For all that “Only A Northern Song” devolves into aimless free jazz noodling and one of George Harrison’s most dirgy melodies (I think it’s really his particularly flat vocal that makes it feel that way; it almost sounds as if it was recorded and then slowed down, oddly enough), there are two things that make his song worth keeping on your digital music device of choice. The lyrics, obviously, are one; somewhere between sarcastic good natured ribbing and bitter meanness about the Lennon/McCartney dominance of the band’s songwriting chores (“Northern Songs” being the publishing company that took care of songs by the two during their Beatles output, for those who didn’t make the connection through the lyrics alone).
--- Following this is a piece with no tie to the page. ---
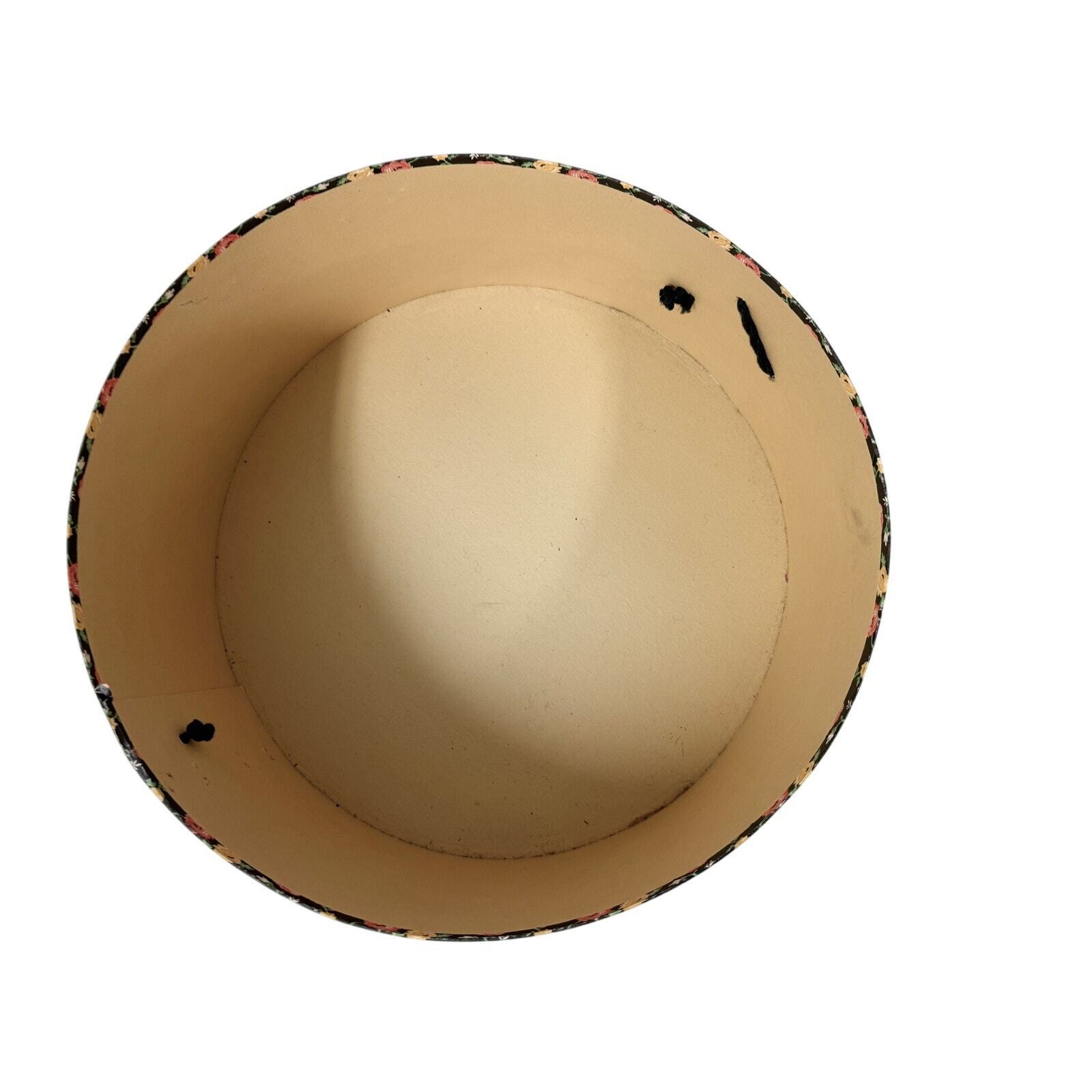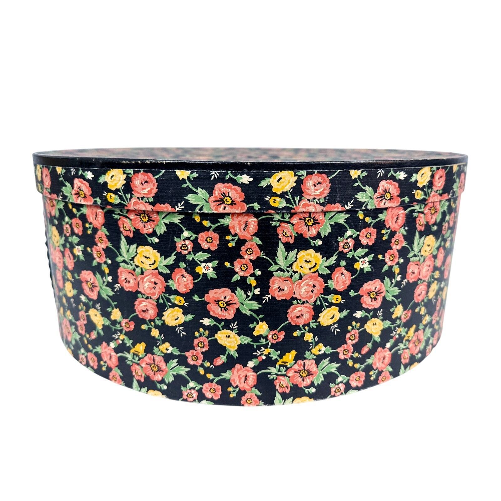 Transform your space with this stunning XL vintage wallpaper hat box featuring a beautiful pink, yellow and green floral design on a classic black background. Measuring 18" x 7", this exquisite piece is perfect for storing your wide-brimmed hats and adds a touch of retro elegance to any decor. Crafted to last, this box is both sturdy and delightful, making it the ideal choice for safeguarding your cherished wide-brim hats while enhancing the ambiance of your cozy vintage boudoir. With its excellent condition for its age, this hard-to-find size is a rare gem that you won't want to miss! Elevate your collection and style today!

Suddenly, lines like “If you’re listening to this song/You may think the chords are going wrong/But they’re not/He just wrote them like that” and the much more bitter “It doesn’t really matter what chords I play/What words I say or time of day it is/When it’s only a Northern Song” make a little more sense, right…?

Less meta and more groovy is the second reason: Listen to that spectacular opening.

Man, work that organ. Both of Harrison’s original contributions to the Yellow Submarine soundtrack have this same thing going on: Unworked, somewhat ramshackle songs with absolutely blinding openings. And as great as “Only A Northern Song” is, I’m seriously not sure if many other Beatles song had an opening quite as wonderful as “It’s All Too Much”:

Seriously. The first 45 seconds of that song.